Dave Whyte checks out how the current Ducato stacks up in advance of a new model release early next year.
Years ago, when I first took to this writing job, a Fiat Ducato was the first light van I had to review. After a couple of days driving it around town, I decided that maybe light vans weren’t all noisy, smoke belching things with appalling road manners. Since then I have driven many similar vans from various manufacturers, and broadened my horizons. When I was recently offered a drive in the current model, I was very keen to see how the Ducato stacked up against the rest, now that I have a bit more experience of the market.
The Fiat Ducato comes in four variants, including three different wheelbases in van form and a long-wheelbase cab/chassis. All are powered by the 3.0-litre MultiJet turbo diesel, which features common-rail fuel injection and delivers 130 kW of pulling power. Available with either the standard six-speed manual or a six-speed AMT option, the Ducato is driven through the front wheels, though the fitment of ABS and traction control means you can be assured of good grip when you need it.
For this test I had the MWB low-roof van, fitted with the AMT option. While it may have a similar external appearance to other vans, the interior is undoubtedly Italian. Bright red seat coverings and gloss black dash trim suggest there is some fashion sense among the designers, even if it’s not necessarily aligned to that of most white van drivers. That’s not to say I didn’t like it, in fact it made for a feeling of driving a more luxurious car, but I fear it may be lost on some prospective purchasers.
The 3.0-litre engine is a very smooth piece of gear. Engine noise is only noticeable above 2300 rpm, and at cruising speed is virtually non-existent. The six-speed transmission does a great job of keeping the revs below that mark unless under hard acceleration. Wind noise is also low, with the road noise being the most notable sound intrusion. Even at highway speed, however, it is very quiet in the cab, meaning frequent speedo checks were needed to ensure compliance with the speed limit. Performance was excellent, whether loaded or empty, with just a slight change in the gear shift points to compensate for the change in weight.
Having a full bulkhead between the driving compartment and load area not only aids in sound insulation, but makes life more comfortable for the driver. The heater and air-con work well to maintain the temperature, and, with only the cab to manage, don’t have to work so hard. There is also the safety benefit of not having your load come forward into the cab under harsh braking. The central locking works separately for the two compartments, allowing the driver to open the driving compartment or load area individually, ensuring load security.
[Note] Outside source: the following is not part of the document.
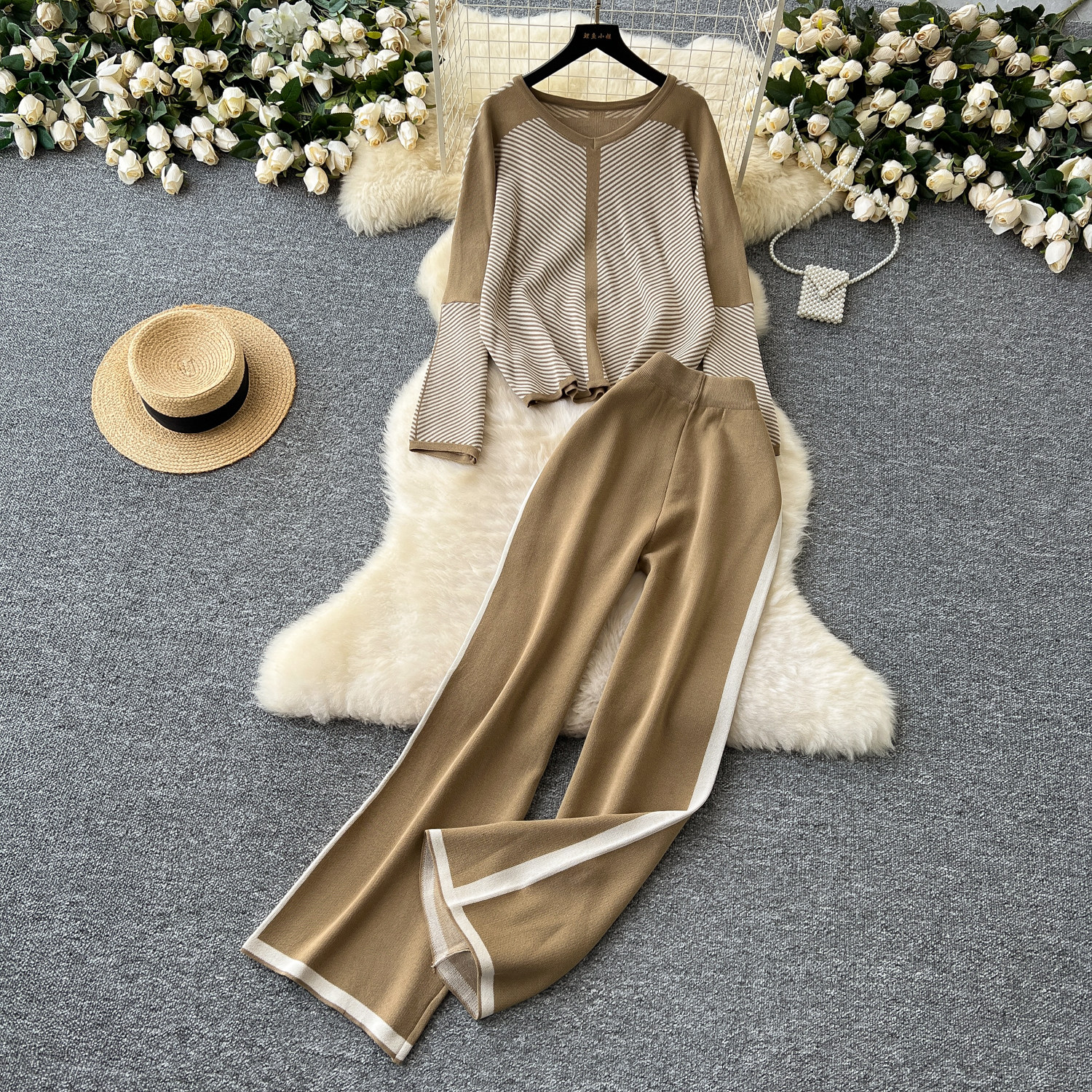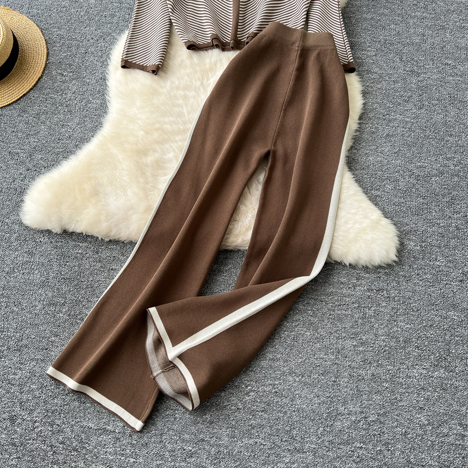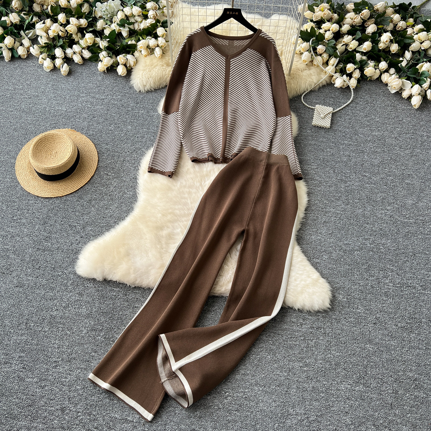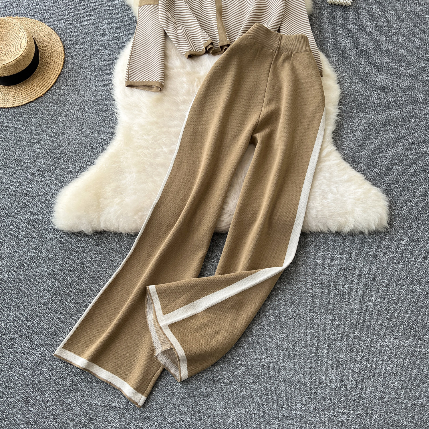 Experience comfort and style with this women’s knitted V-neck sweater and high-waist jogging pants set. Made from a breathable, anti-static polyester and cotton blend, this loose-fit two-piece is perfect for winter wear. Its striped design adds a casual yet trendy touch, while the washable and wrinkle-resistant fabric ensures easy care. Ideal for everyday relaxation or casual outings, this set combines practicality with effortless fashion.

Driving the Ducato is very easy. The driving environment is very comfortable, making even long drives easy. The seating is firm, but not so hard as to be uncomfortable, and is adjustable to find the right position for most drivers. At such a steep angle, the short bonnet is invisible from the driver’s seat, and the large mirrors (which are heated, as tested by a -2.0 degree Kyneton morning) provide clear vision down each side. I did notice that the windscreen-mounted centre mirror suffered from the reflection on the glass in the bulkhead. Even in the daylight, I found myself seeing the same picture in the mirror as I did through the windscreen, though it was worse at night. The dash layout is clear and easy to read, with the trip computer assisting in the finer details. While the radio and the heating controls take up the centre of the console, there are controls for the radio and phone functions mounted on the steering wheel.
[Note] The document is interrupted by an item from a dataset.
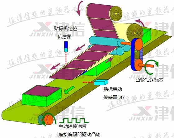 凸輪軸接收來自主軸的脈沖信號(hào),依主軸節(jié)奏進(jìn)行貼標(biāo)動(dòng)作,傳送標(biāo)簽時(shí)需很準(zhǔn)確平穩(wěn),在粘貼標(biāo)簽時(shí),必須要能穩(wěn)定控制運(yùn)行速度與主軸同步,否則標(biāo)簽貼起來會(huì)不平順。

There are storage compartments inside the doors, and a small glove compartment below the dash on the passenger side, but I found there was a lack of other usable storage. The cup holders under the dash were not suitable for my standard coffee cup, but that was accommodated by folding the back rest of the centre seat down. Here there was a small area suitable for completing paperwork, and included a pair of cup holders. The fit and finish meant I didn’t find this fold down panel until day-three of driving the Ducato – I’m not sure if that reflects positively on the van or negatively on the driver!
Being the top-spec model, this van also had the Tom Blue and Me sat-nav and Bluetooth unit fitted, but without the head unit I couldn’t even connect my phone for hands-free operation. Still, if you were to purchase a van like this I’m sure they would supply the complete unit, and you could call me to report on its performance.
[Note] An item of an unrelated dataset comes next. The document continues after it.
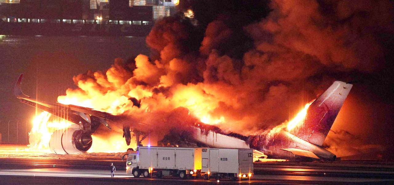 L’incendio dell’aereo di linea questa mattina divampato all’aeroporto di Haneda-Tokyo ha purtroppo provocato 5 morti, alcuni feriti e intossicati, quasi 400 passeggeri evacuati: secondo le informazioni stilate dagli inquirenti in Giappone, un aereo di linea della Japan Airlines ha preso fuoco dopo un contatto accidentale con un velivolo della Guardia Costiera. Le vittime sarebbero tutti e 5 presenti dell’equipaggio sull’aero militare.

Anyway, down to the business end, and the Ducato certainly has a big business focus. With full-width and height barn doors on the rear and a sliding door on the left-hand side, access to the load area is ample and easy. Even on the shortest model, it would be easy to slide a pallet in the side door, while the space between the wheelarches means another would fit snugly through the rear doors. One would have to question why there is no door on the right-hand (driver’s) side to improve access, though the Ducato is not alone in this shortfall.
There are plenty of anchorage points mounted in the floor for load security that don’t interfere with loading, even when sliding freight along the floor. The floor in the load area is flat, except where the arches rise, but even they seem relatively low compared to some other vans. In all, it’s a perfectly practical space for most types of loads you would expect a van of this size to encounter.
So how does the Ducato stack up against the competition? Pretty well, actually. There is a definite Euro van feel to the Fiat, but that is not a bad thing. With all the mod cons, driver comfort and the ability to carry a 1400 kg payload, the Ducato ticks most of the boxes on a working-man’s list. Add to that the ability to carry three adults, and a list of safety features including dual front airbags, and you have a van that is suitable for carrying the family after hours.
The Europeans are experts at the light van platform, and Fiat is right up there with the best. What is particularly interesting is that with a high standard currently available, just what else can the company incorporate in its next generation products coming onto our market in early 2015, rivalling the new Iveco Daily and the Ford Transit Cargo?